Все это, видно, достало Лялю и она не выдержала. Рыдая и вытирая культурно нос, она, наконец, выговорила защитное:

– А если мы любим друг друга. Я уже в 10 классе!

– Ааах, любите. Ты в десятом классе, лахудра комсомольская. Ты за этого еврея цепляешься, тебе русских парней не хватает. Конечно, они на фронте погибли, пока твои Марики в Ташкенте киш-миш жрали. Все. Я напишу на него, лет десять дерево повалит, охолонит к нашим девкам лезть.

– Тетя, как это вы напишите. Это же донос. Это – некрасиво. И что вы напишите. Вы же его совершенно не знаете, – уже звенел голос Ляли.

– Да напишу, что он про нашего Сталина говорил.

– Да он ничего не говорил, мы даже никогда этого не касались и по литературе еще не проходили.

– Может и не говорил, а то, что они, эти самые космополиты, все нашего вождя не любят, это факт. А уж там, на Лубянке, с ним разберутся быстро, – победно заканчивала Антонина.

Я пытался было вмешаться в эту гнусную перебранку, но стоял, не двигаясь. Что я скажу?

– Ладно, – вероятно уже устала Тоня, – поклянись мне памятью матери, моей сестры, что никогда ноги ево здесь не будет. Да и других ихней породы привечать не будешь. Тогда, так и быть, писать на него не буду. А как увижу в Подколокольном, сразу в конверт.

– Тетя Тоня, я клянусь памятью мамы, что видеться с Мариком больше не буду. Но ведь он ходит в гости к Женьке, что на галдарейке живет. И что мне делать?

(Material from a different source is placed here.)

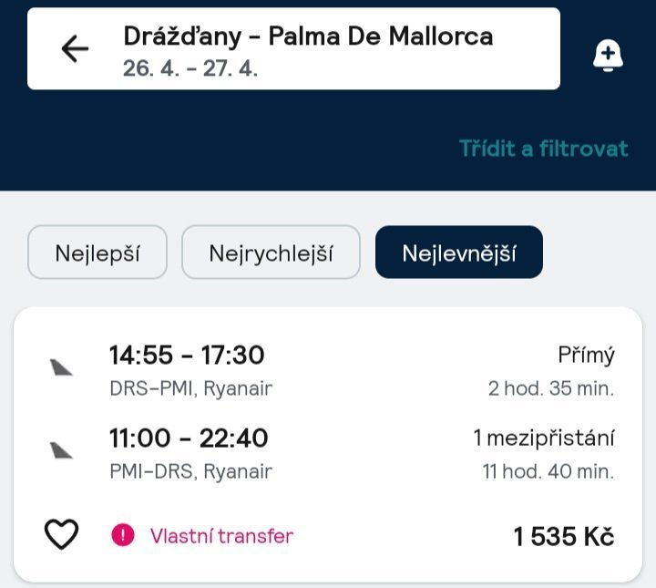 CestovatelX napsal(a):Tahle rychlocestička z Drážďan na Mallorcu mi vychází přes TRIP.com > FR, FR, Eur ....na rovných 50€. Návrat přes STN.....

– Пусть и сидит у этой лахудры Женьки, а на улицу и носа не кажет. Ладно, иди, ставь чайник, я еще не обедавши.

Я тихонько прикрыл дверь. И ушел. Звонил несколько раз. Но Ляля всегда отвечала: извини, разговаривать не могу.

* * *

Мы все в нашей компании ребят и девочек уже учились в институтах. Года через два у Покровских ворот я Лялю встретил. Она очень похорошела.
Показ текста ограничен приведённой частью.